+++ Data block

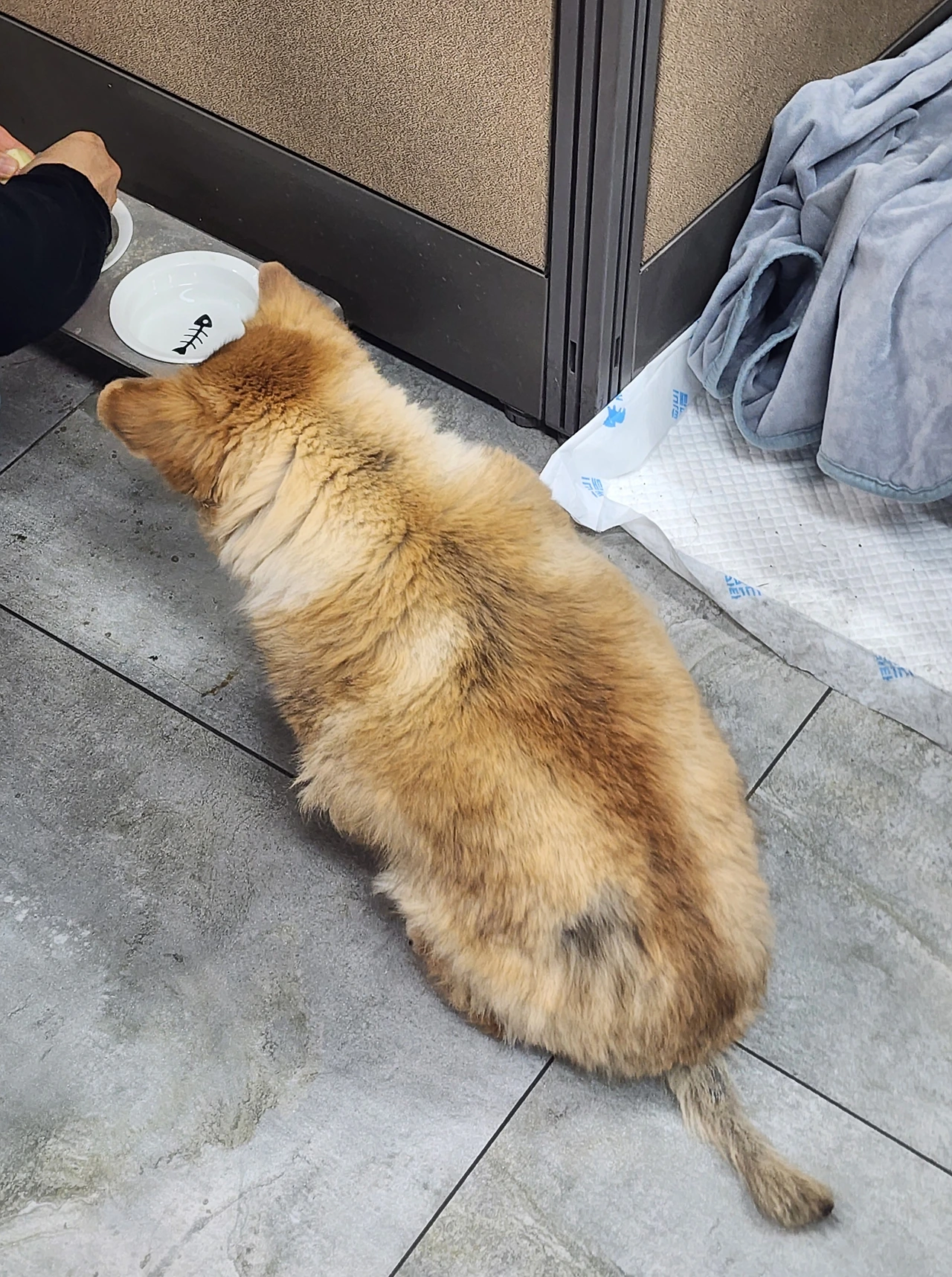이번에도 못 들은 척하며 고개를 돌리더니, 다른 직원들이 간식을 먹자 자기도 달라고 조른다. 하지만 간식은 어떤 행동에 대한 보상으로 주는 게 좋다고 해서 텀을 두고 조금씩 주고 있다.
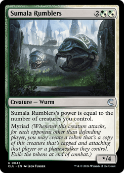 Sumala Rumblers's power is equal to the number of creatures you control. Myriad (Whenever this creature attacks, for each opponent other than defending player, you may create a token copy that's tapped and attacking that player or a planeswalker they control. Exile the tokens at end of combat.)
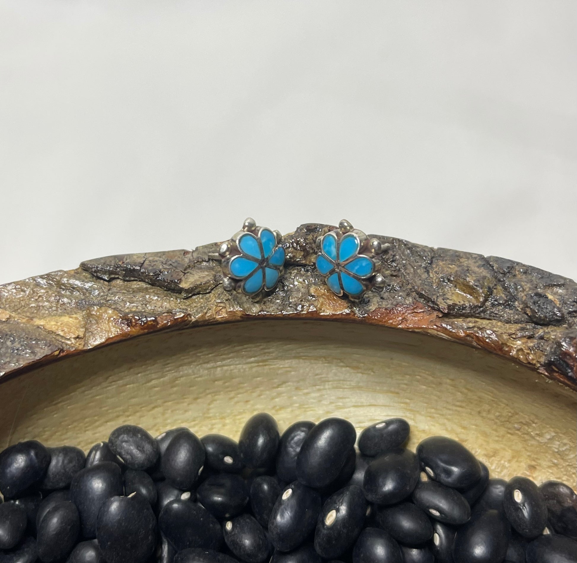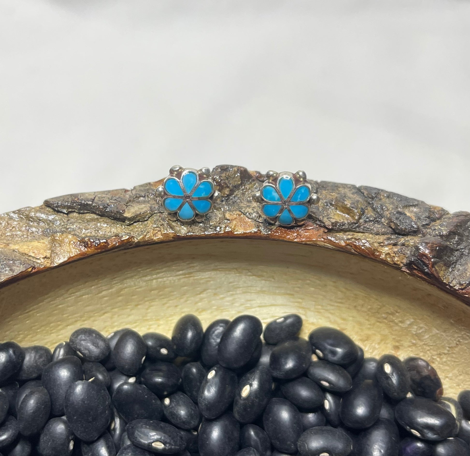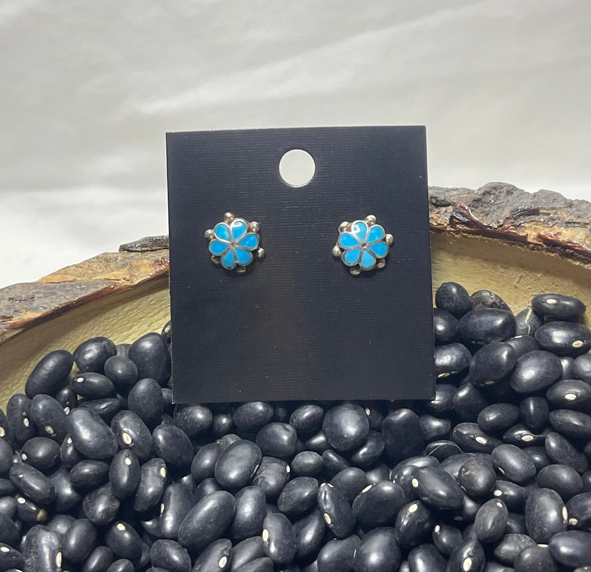 1 cm in width and length, these beautiful small flower earrings are sure to catch an eye with the gorgeous turquoise stone flower pattern!
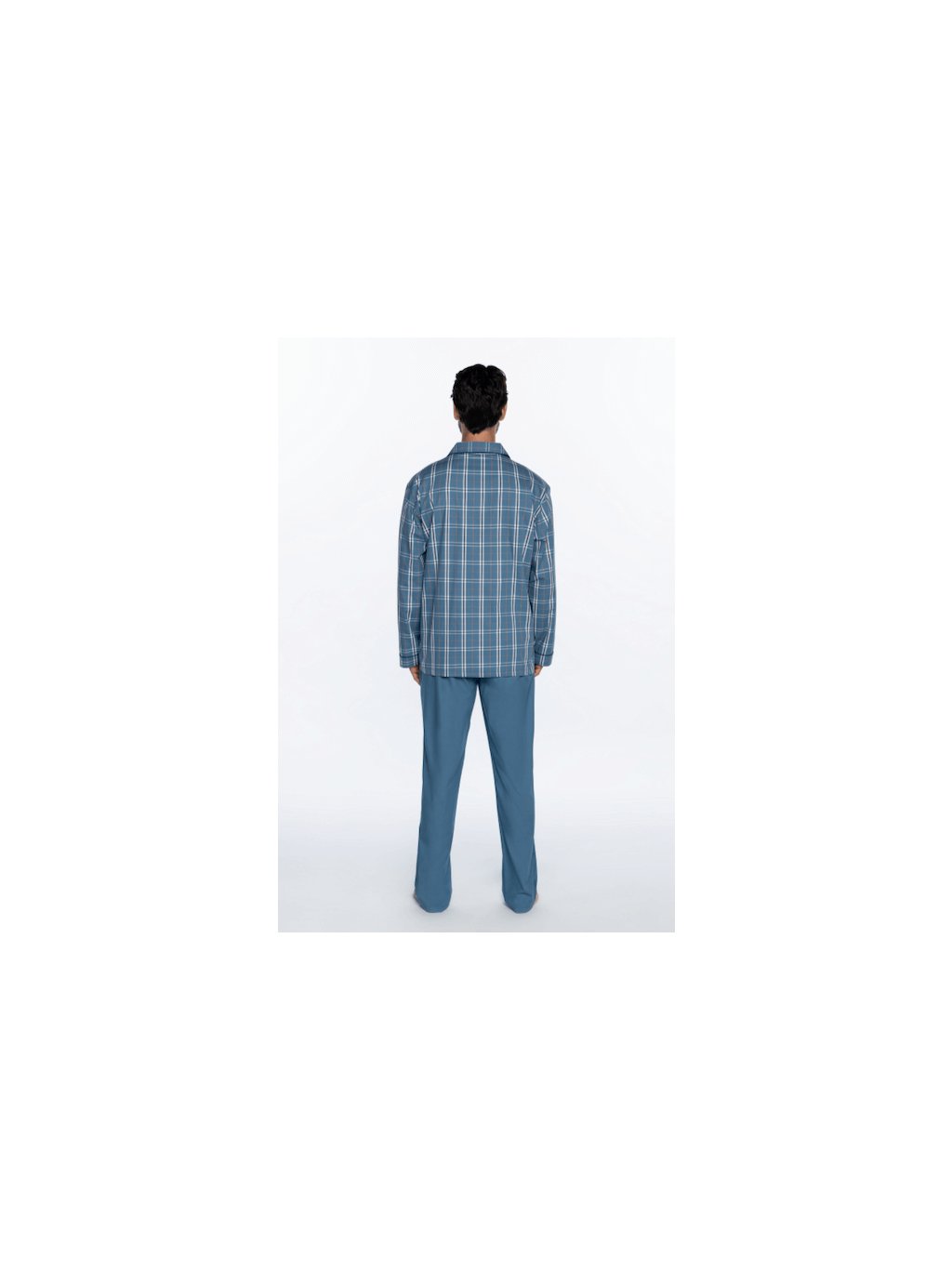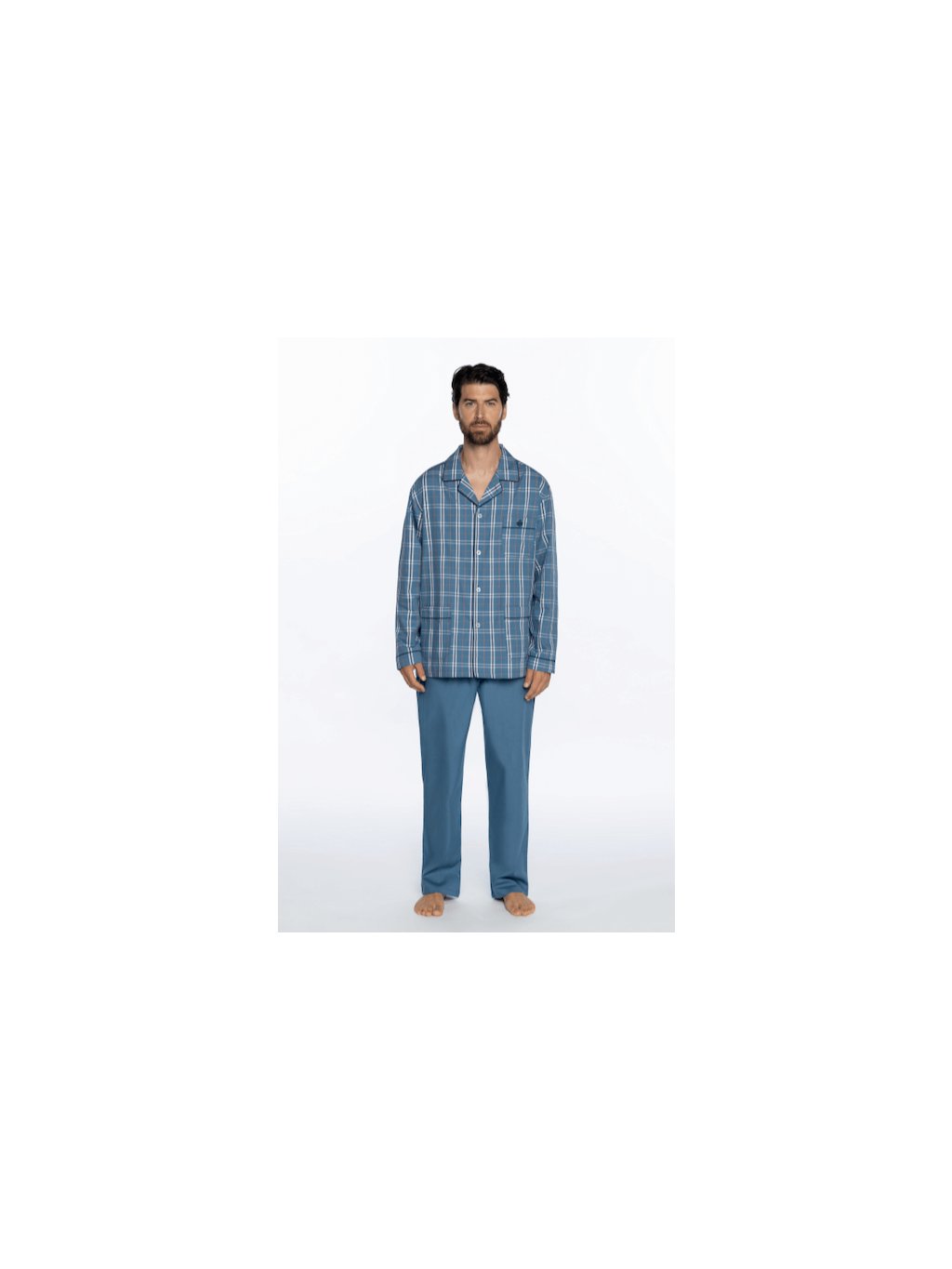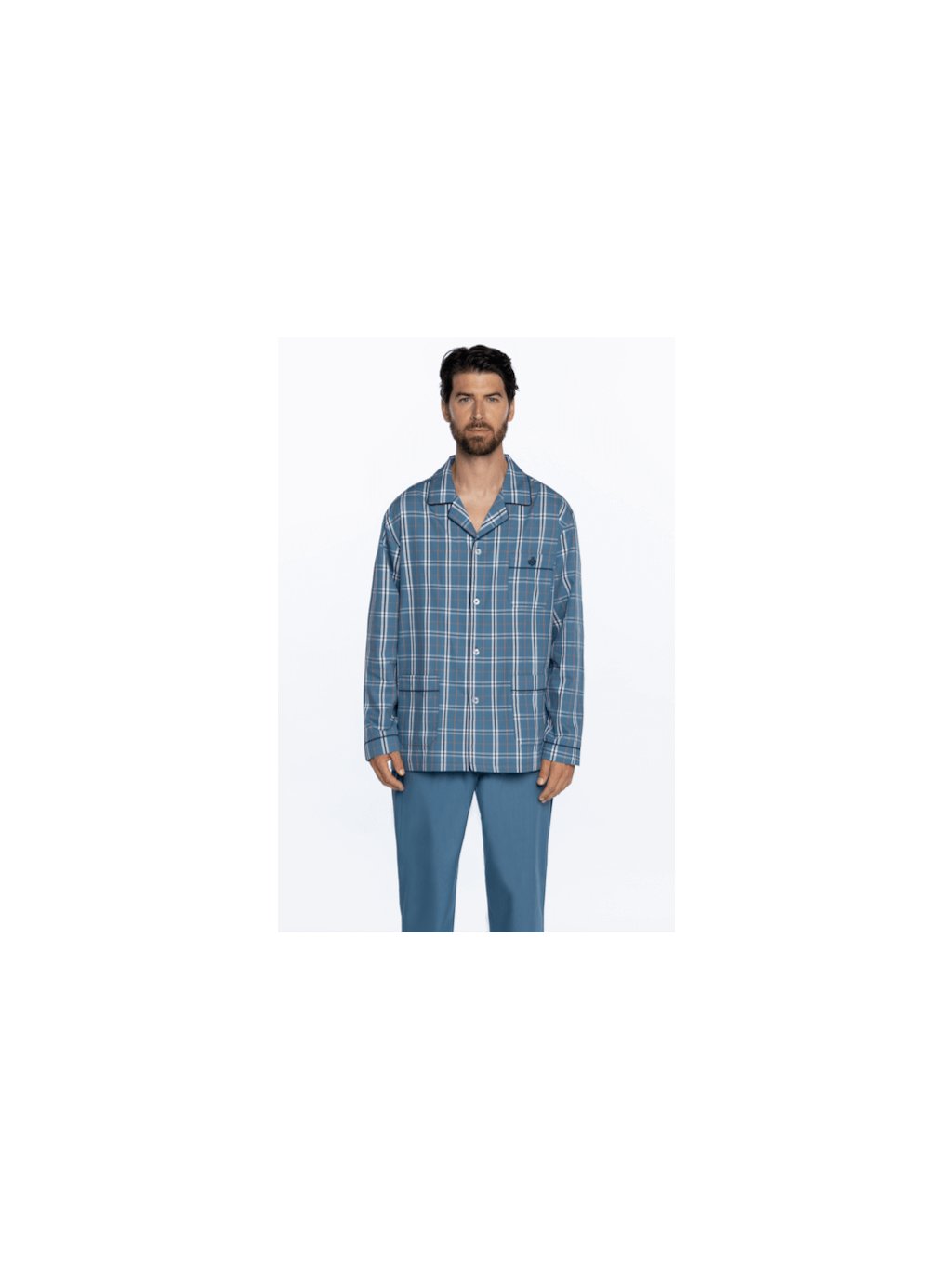 Dlouhé rukávy a nohavice dodávají pyžamu tradiční, ale stále moderní vzhled. Elegantní modrá barva s kostkovaným vzorem na vrchním dílu zase dělá pyžamo jedinečným. Součástí jsou tři praktické kapsy pro vaše nezbytnosti.

++++++

What is needed:
For this exercise, give the listing again exactly as written, with the pictures omitted.

Answer area:
이번에도 못 들은 척하며 고개를 돌리더니, 다른 직원들이 간식을 먹자 자기도 달라고 조른다. 하지만 간식은 어떤 행동에 대한 보상으로 주는 게 좋다고 해서 텀을 두고 조금씩 주고 있다.
 Sumala Rumblers's power is equal to the number of creatures you control. Myriad (Whenever this creature attacks, for each opponent other than defending player, you may create a token copy that's tapped and attacking that player or a planeswalker they control. Exile the tokens at end of combat.)
 1 cm in width and length, these beautiful small flower earrings are sure to catch an eye with the gorgeous turquoise stone flower pattern!
 Dlouhé rukávy a nohavice dodávají pyžamu tradiční, ale stále moderní vzhled. Elegantní modrá barva s kostkovaným vzorem na vrchním dílu zase dělá pyžamo jedinečným. Součástí jsou tři praktické kapsy pro vaše nezbytnosti.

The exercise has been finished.